I understand the Micro and Mini are fungible, but what does this mean when it comes to their market depth? What does it mean when looking at their volume? Is volume analysis even useful when it's spread out amongst all these instruments that track the S&P?
I had a quick look at the depth. Over 10 levels. MES is 250 contracts, ES is 800 (or 8000 MES). So ES is over 30x deeper than MES. ES is still king. All the other S&P 500 markets added together still dont come close. Notional daily volume is also around 30 times greater for ES.

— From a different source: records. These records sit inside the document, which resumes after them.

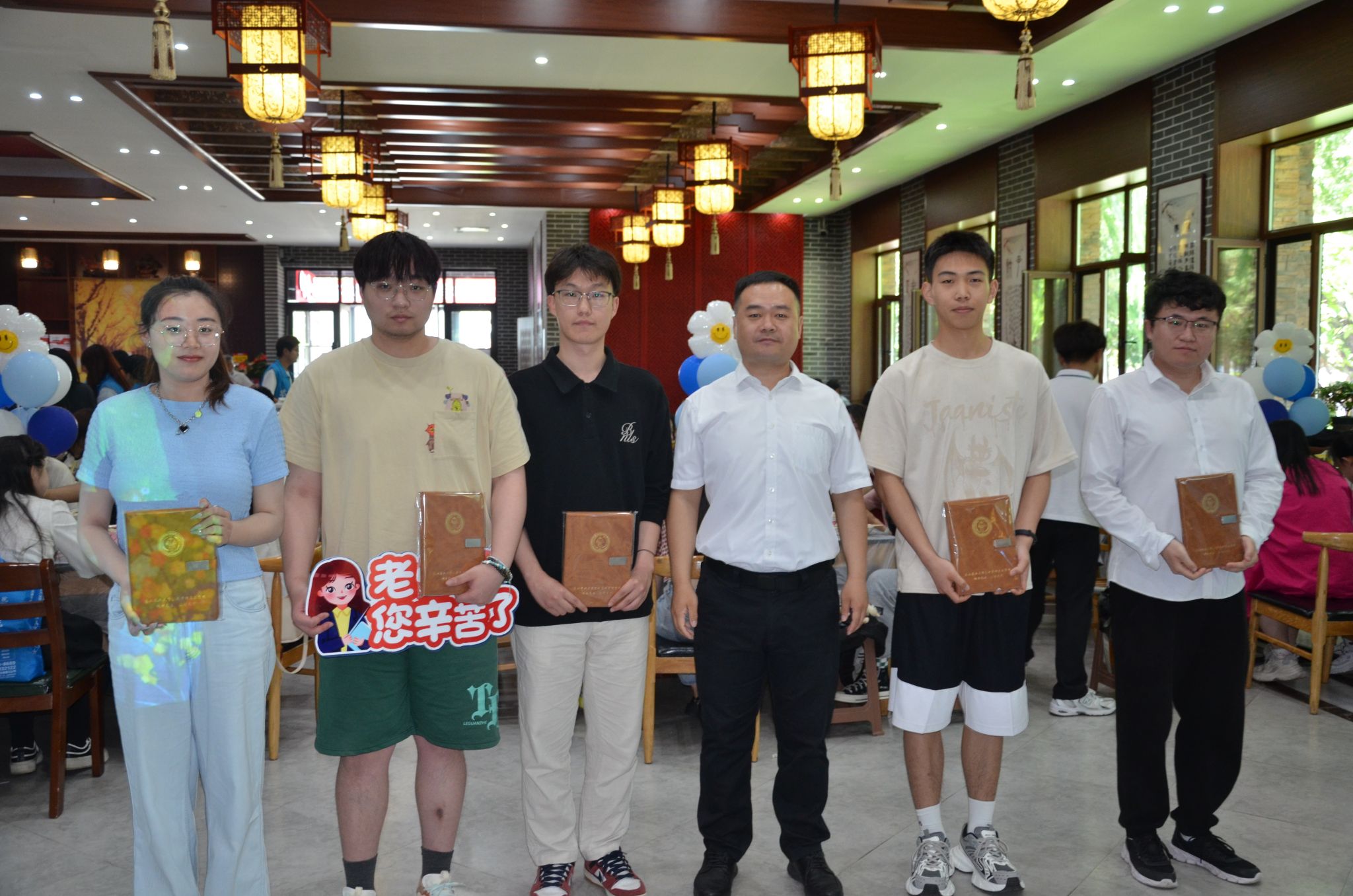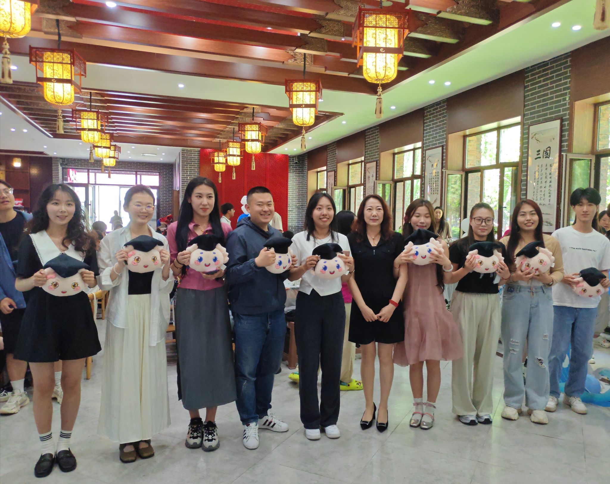 在抽奖环节中,学院精心准备了毕业季定制笔记本、毕业纪念玩偶等奖品,获奖毕业生们脸上都洋溢着幸福的笑容,现场氛围浓烈。抽到与老师合照的毕业生们欢呼雀跃,满怀感激与期待,伴随相机的快门声响起,留下了这一刻珍贵的记忆。
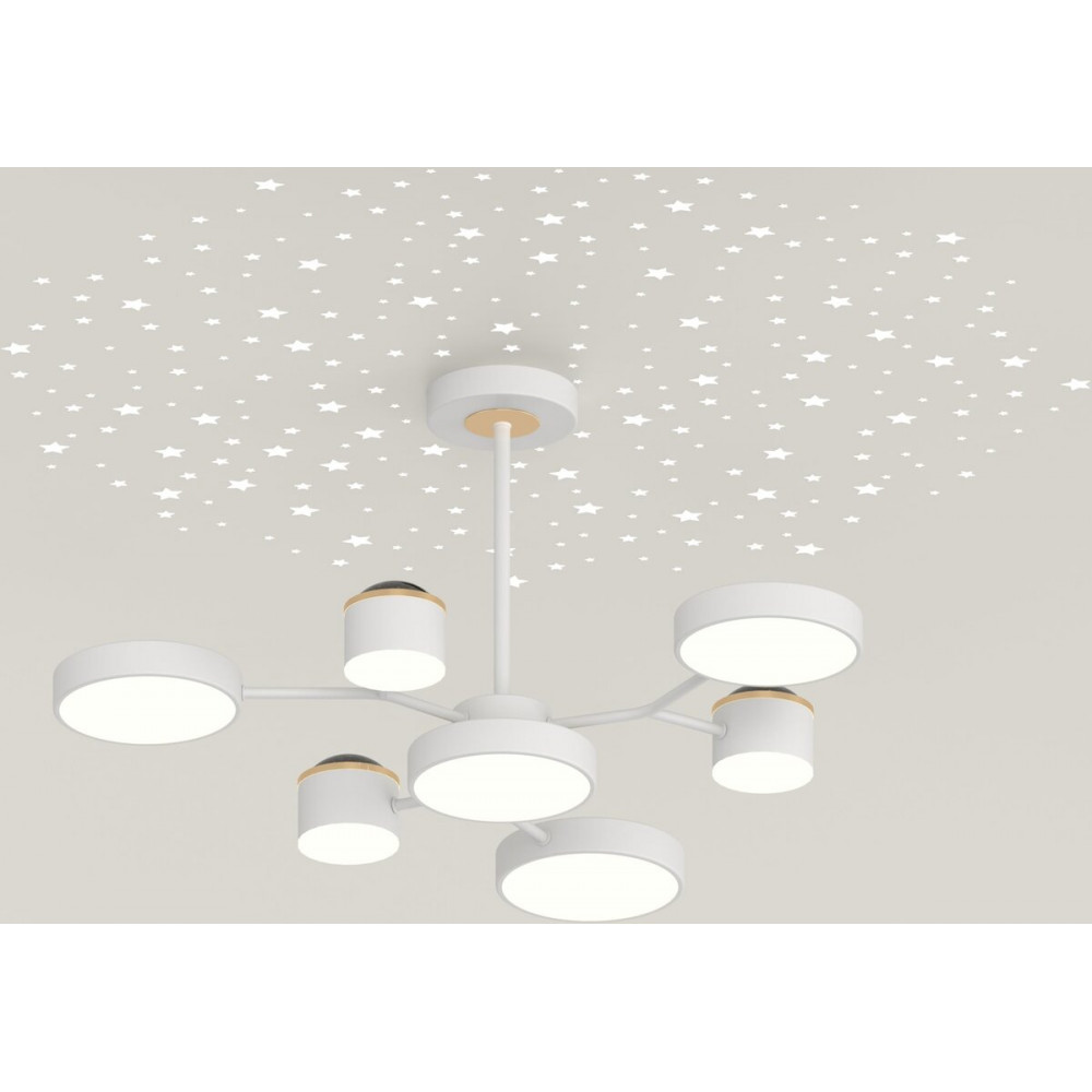 Вишуканий, сучасний та стильний світильник, який поєднує естетику і функціональність. Його білий корпус у поєднанні з золотими акцентами створює атмосферу легкості, елегантності та тепла. Особливий ефект — проєкція зірок на стелю, яка додає кімнаті чарівності та затишку.
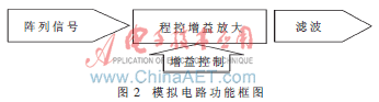 最终通过对前端模拟电路的二次集成方法来确保产品的一致性,更好地保证传声器相位一致性,提高探测精度。模拟电路功能组成如图2所示。
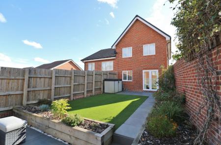 To the side of the property there is driveway parking for two cars, whilst the attractive, landscaped rear garden has a paved patio area, a section of artificial lawn and an additional seating area at the end.
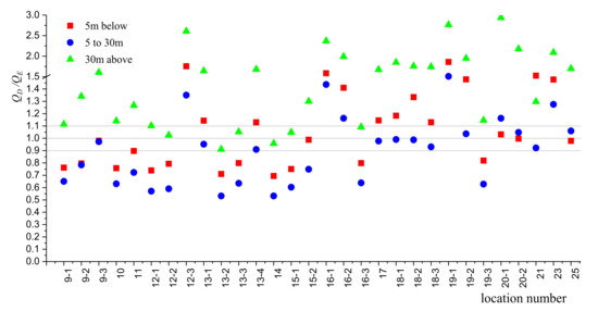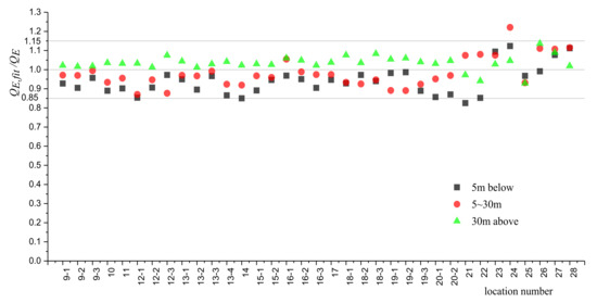 denotes the equivalent heavy vehicle flow that is calculated based on the fitting formula method that is given in Section 7.1. denotes the equivalent heavy vehicle flow based on the definition in Section 6.1. is obtained directly by damage calculation and can be considered to comply with the principle of fatigue damage equivalence. Therefore, can be used to verify the validity of the methodology that is given in Section 7.1. As shown in Figure 15. It can be seen that almost all the data fall within the range of 0.85 to 1.15. It indicates that the calculation deviation for the methodology that is given in Section 7.1 is within 15%. Compared with Figure 10, it can be concluded that that is obtained by the proposed method is obviously closer to than that is obtained based on the existing standards, and the possibility of underestimating the fatigue load is greatly reduced. The validity and advance are, therefore, proven.
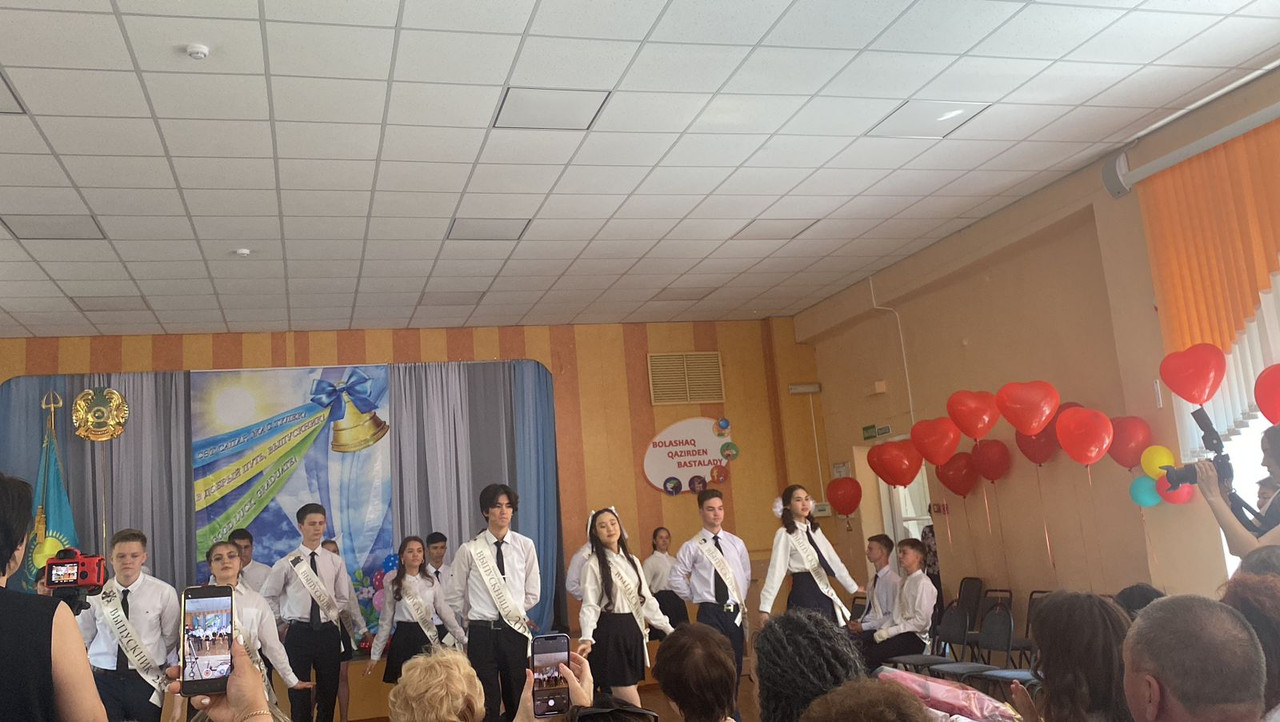 10.00. Звучат позывные праздника. Ведущие праздника учитель Карабекова Р.Т. и ученик 9 «б» класса Бирюков В. начинают праздник стихами о Казахстане (на государственном и русском языках). Ведущие на казахском, русском, английском языках приветствуют гостей, педагогов, родителей. Под музыку и аплодисменты присутствующих, в зал входят выпускники – 2023 года. Ведущие объявляют об открытии праздника, звучит Государственный Гимн Республики Казахстан.

While the SP500 pit contract is still 5x the value of the ES... the ES has supplanted the pit as the "institutional go-to" because of lower total "costs". Whereas the commission rate of 5 ES is greater than 1 pit contract, the real cost of a trade is "spread + commission + slippage". The virtually instant fill of the ES (reduced slippage) more than offsets its higher commission cost overall vs a pit trade. The MES, of course, is for those not yet ready to trade the ES. (IOW... if one has enough capital to trade a 10-lot of MES, it would be better to trade a 1-lot of ES. Until then, gain experience trading the MES.) I think the micro futures contracts are terrific. Gives rookie wannabes with small money a vehicle to learn and prove their mettle. (I'm all for that... having begun my investing career with $25/month bank draft into a mutual fund.)
MES volume looks like it is highly correlated to ES volume. But probably better to use ES as it is leading the way.
As mentioned, micros/minis are fungible. They trade the same. The only difference is the multiplier. Arb opportunities are eliminated in seconds or less. As for volume analysis, due to the difference of participants, not every micro tick has volume participation. This is true with all the micros... price-wise they are jumpier due to "skip-through" or "skip-over" (my terms, not official). In my work, volume analysis on the micros works normal as plenty of liquidity exists... the skip-though however, does affect trade execution requirements of the system/method/trader.
Exactly. If you gonna trade 10 or 20 Mes lots at a time better to go to ES. But if you have a small account and average down then MES is better. Unless you have a big enough account to average down in ES. I don't worry much about comm. but if one is gonna trade some size in MES then best to save on comm and go with ES. In addition, sometimes I trade MES but take signals of ES.